Task directions>
Looking at the listing below, retype exactly the lines starting at the one containing "- une grande" and ending at the one containing "Elevate your wardrobe", both included, and nothing else.

Source data>
- Opening Delimiter -
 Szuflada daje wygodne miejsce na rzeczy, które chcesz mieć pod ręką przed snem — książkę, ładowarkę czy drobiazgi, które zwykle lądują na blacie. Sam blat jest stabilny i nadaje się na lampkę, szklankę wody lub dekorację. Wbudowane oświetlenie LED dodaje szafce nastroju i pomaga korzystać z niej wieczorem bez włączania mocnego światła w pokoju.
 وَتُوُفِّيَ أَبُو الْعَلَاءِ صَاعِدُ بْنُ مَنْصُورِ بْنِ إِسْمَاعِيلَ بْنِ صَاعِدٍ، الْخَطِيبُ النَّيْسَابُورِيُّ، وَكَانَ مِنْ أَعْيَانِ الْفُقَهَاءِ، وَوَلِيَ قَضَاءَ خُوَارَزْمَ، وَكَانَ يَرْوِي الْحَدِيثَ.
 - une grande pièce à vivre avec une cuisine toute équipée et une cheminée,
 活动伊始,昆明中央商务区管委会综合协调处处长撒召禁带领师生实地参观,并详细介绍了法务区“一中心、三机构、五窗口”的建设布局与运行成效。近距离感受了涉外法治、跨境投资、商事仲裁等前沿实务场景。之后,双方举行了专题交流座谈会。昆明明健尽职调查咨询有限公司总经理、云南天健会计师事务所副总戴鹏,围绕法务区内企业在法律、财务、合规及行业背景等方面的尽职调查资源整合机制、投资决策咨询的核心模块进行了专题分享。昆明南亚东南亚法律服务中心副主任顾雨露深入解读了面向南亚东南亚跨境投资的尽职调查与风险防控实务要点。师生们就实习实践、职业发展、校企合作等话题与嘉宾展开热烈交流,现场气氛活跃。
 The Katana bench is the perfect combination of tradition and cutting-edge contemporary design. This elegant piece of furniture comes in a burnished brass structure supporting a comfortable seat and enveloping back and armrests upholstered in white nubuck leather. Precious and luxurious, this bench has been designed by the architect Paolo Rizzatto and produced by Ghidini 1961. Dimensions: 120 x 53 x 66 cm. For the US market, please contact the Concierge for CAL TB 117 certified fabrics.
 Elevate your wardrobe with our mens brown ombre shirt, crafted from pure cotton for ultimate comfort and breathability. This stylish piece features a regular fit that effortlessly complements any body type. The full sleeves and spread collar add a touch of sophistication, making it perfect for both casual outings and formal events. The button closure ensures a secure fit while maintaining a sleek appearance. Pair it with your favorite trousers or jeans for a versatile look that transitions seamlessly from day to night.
- Closing Delimiter -
- Opening Delimiter -
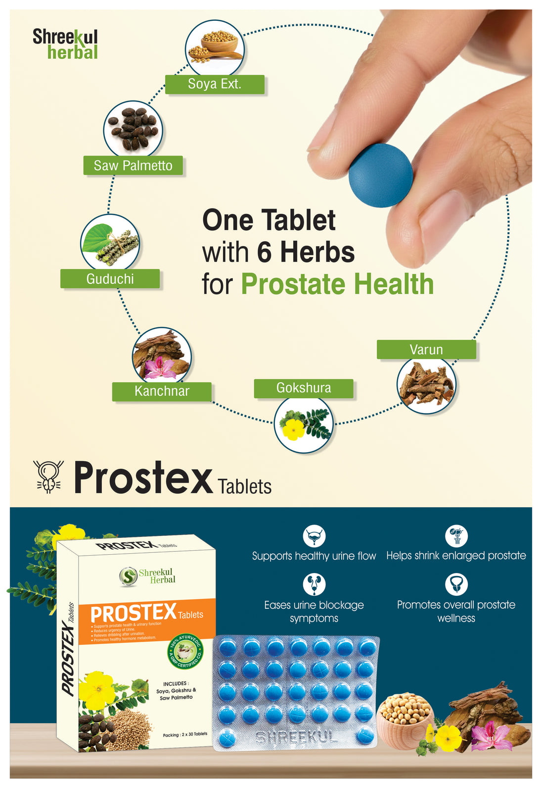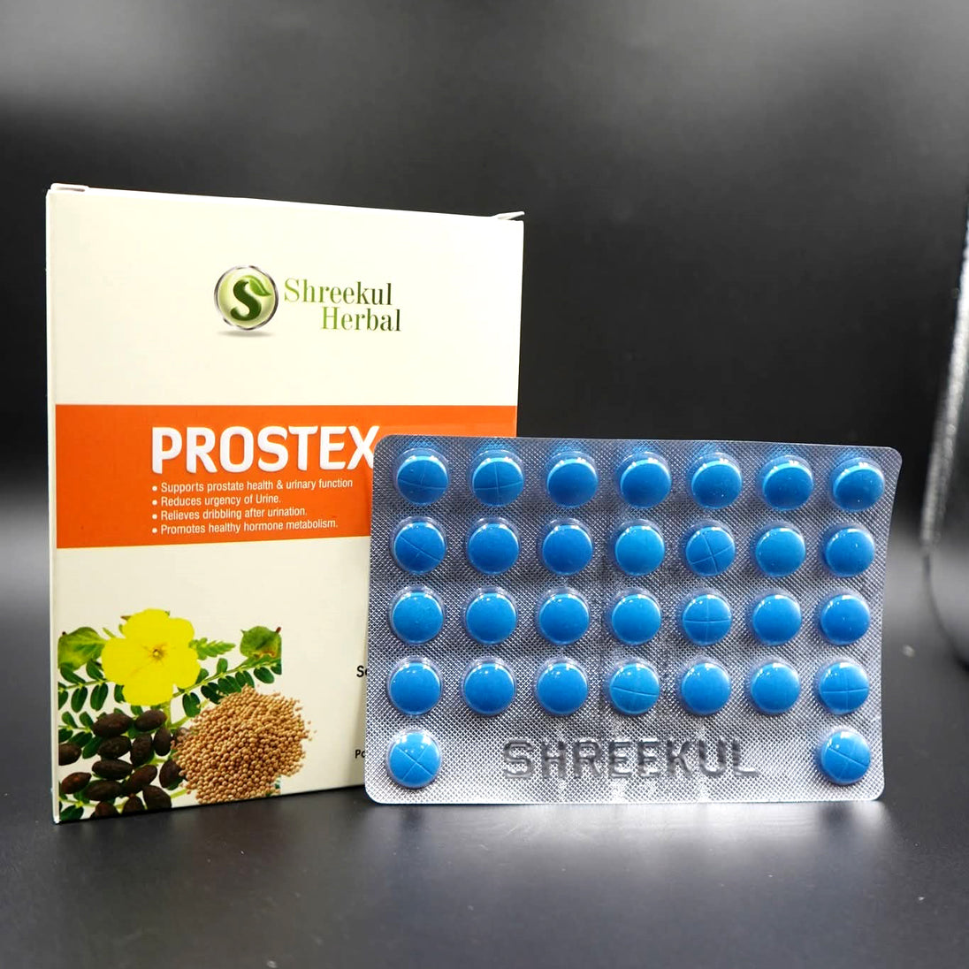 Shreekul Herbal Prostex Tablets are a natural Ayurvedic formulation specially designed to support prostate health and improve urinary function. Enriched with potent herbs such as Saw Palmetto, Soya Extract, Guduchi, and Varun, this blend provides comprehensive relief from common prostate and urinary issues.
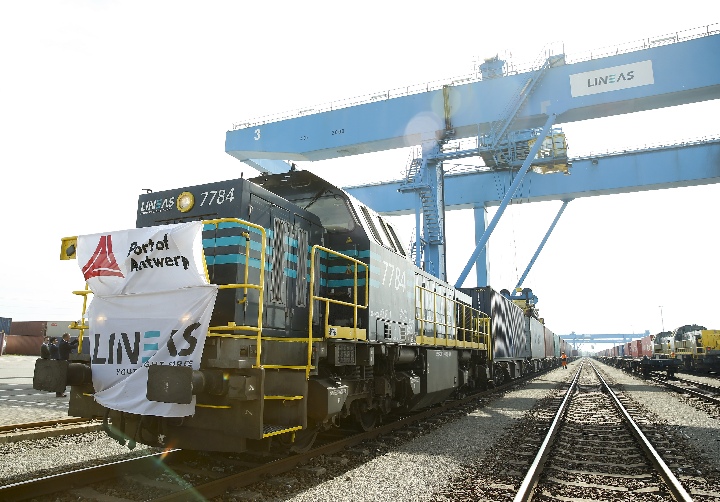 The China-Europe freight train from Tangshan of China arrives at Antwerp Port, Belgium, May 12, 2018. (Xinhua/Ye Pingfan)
- Closing Delimiter -
Exercise response>
 - une grande pièce à vivre avec une cuisine toute équipée et une cheminée,
 活动伊始,昆明中央商务区管委会综合协调处处长撒召禁带领师生实地参观,并详细介绍了法务区“一中心、三机构、五窗口”的建设布局与运行成效。近距离感受了涉外法治、跨境投资、商事仲裁等前沿实务场景。之后,双方举行了专题交流座谈会。昆明明健尽职调查咨询有限公司总经理、云南天健会计师事务所副总戴鹏,围绕法务区内企业在法律、财务、合规及行业背景等方面的尽职调查资源整合机制、投资决策咨询的核心模块进行了专题分享。昆明南亚东南亚法律服务中心副主任顾雨露深入解读了面向南亚东南亚跨境投资的尽职调查与风险防控实务要点。师生们就实习实践、职业发展、校企合作等话题与嘉宾展开热烈交流,现场气氛活跃。
 The Katana bench is the perfect combination of tradition and cutting-edge contemporary design. This elegant piece of furniture comes in a burnished brass structure supporting a comfortable seat and enveloping back and armrests upholstered in white nubuck leather. Precious and luxurious, this bench has been designed by the architect Paolo Rizzatto and produced by Ghidini 1961. Dimensions: 120 x 53 x 66 cm. For the US market, please contact the Concierge for CAL TB 117 certified fabrics.
 Elevate your wardrobe with our mens brown ombre shirt, crafted from pure cotton for ultimate comfort and breathability. This stylish piece features a regular fit that effortlessly complements any body type. The full sleeves and spread collar add a touch of sophistication, making it perfect for both casual outings and formal events. The button closure ensures a secure fit while maintaining a sleek appearance. Pair it with your favorite trousers or jeans for a versatile look that transitions seamlessly from day to night.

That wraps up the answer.